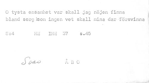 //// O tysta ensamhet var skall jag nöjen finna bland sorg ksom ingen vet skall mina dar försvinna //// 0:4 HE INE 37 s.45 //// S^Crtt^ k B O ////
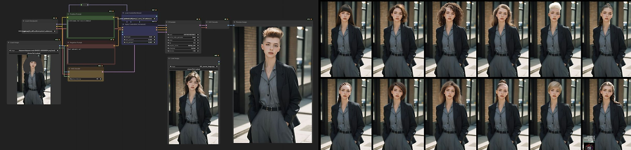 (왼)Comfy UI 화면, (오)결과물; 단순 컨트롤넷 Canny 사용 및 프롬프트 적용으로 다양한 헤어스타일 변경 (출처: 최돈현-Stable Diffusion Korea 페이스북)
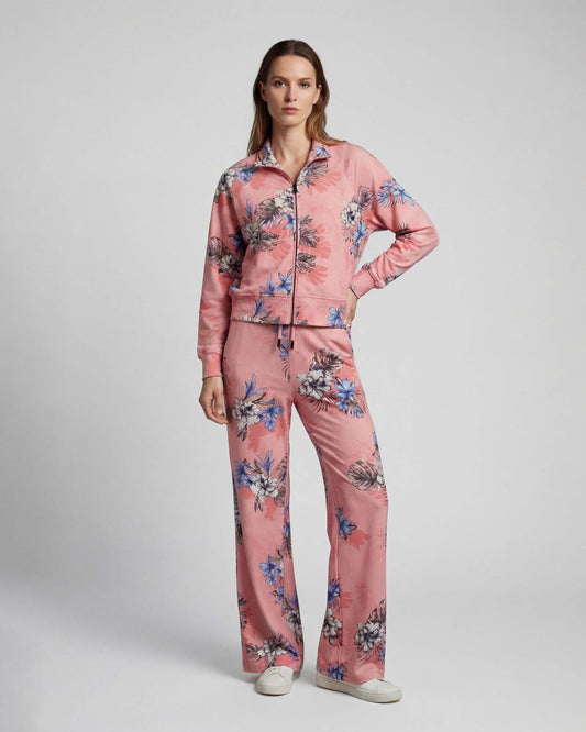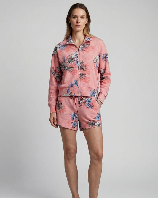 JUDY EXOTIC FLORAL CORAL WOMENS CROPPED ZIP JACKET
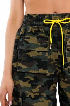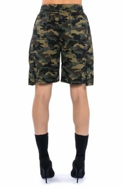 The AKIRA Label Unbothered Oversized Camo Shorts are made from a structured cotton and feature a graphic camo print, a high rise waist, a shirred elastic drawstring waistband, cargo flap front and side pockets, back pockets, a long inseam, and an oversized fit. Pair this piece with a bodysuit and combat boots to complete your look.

-- Directions for this task --
A faithful copy is needed of the lines from the one containing "(왼)Comfy UI 화면, (오)결과물;" through the last line of the data above, with pictures left out.

-- Solution --
 (왼)Comfy UI 화면, (오)결과물; 단순 컨트롤넷 Canny 사용 및 프롬프트 적용으로 다양한 헤어스타일 변경 (출처: 최돈현-Stable Diffusion Korea 페이스북)
 JUDY EXOTIC FLORAL CORAL WOMENS CROPPED ZIP JACKET
 The AKIRA Label Unbothered Oversized Camo Shorts are made from a structured cotton and feature a graphic camo print, a high rise waist, a shirred elastic drawstring waistband, cargo flap front and side pockets, back pockets, a long inseam, and an oversized fit. Pair this piece with a bodysuit and combat boots to complete your look.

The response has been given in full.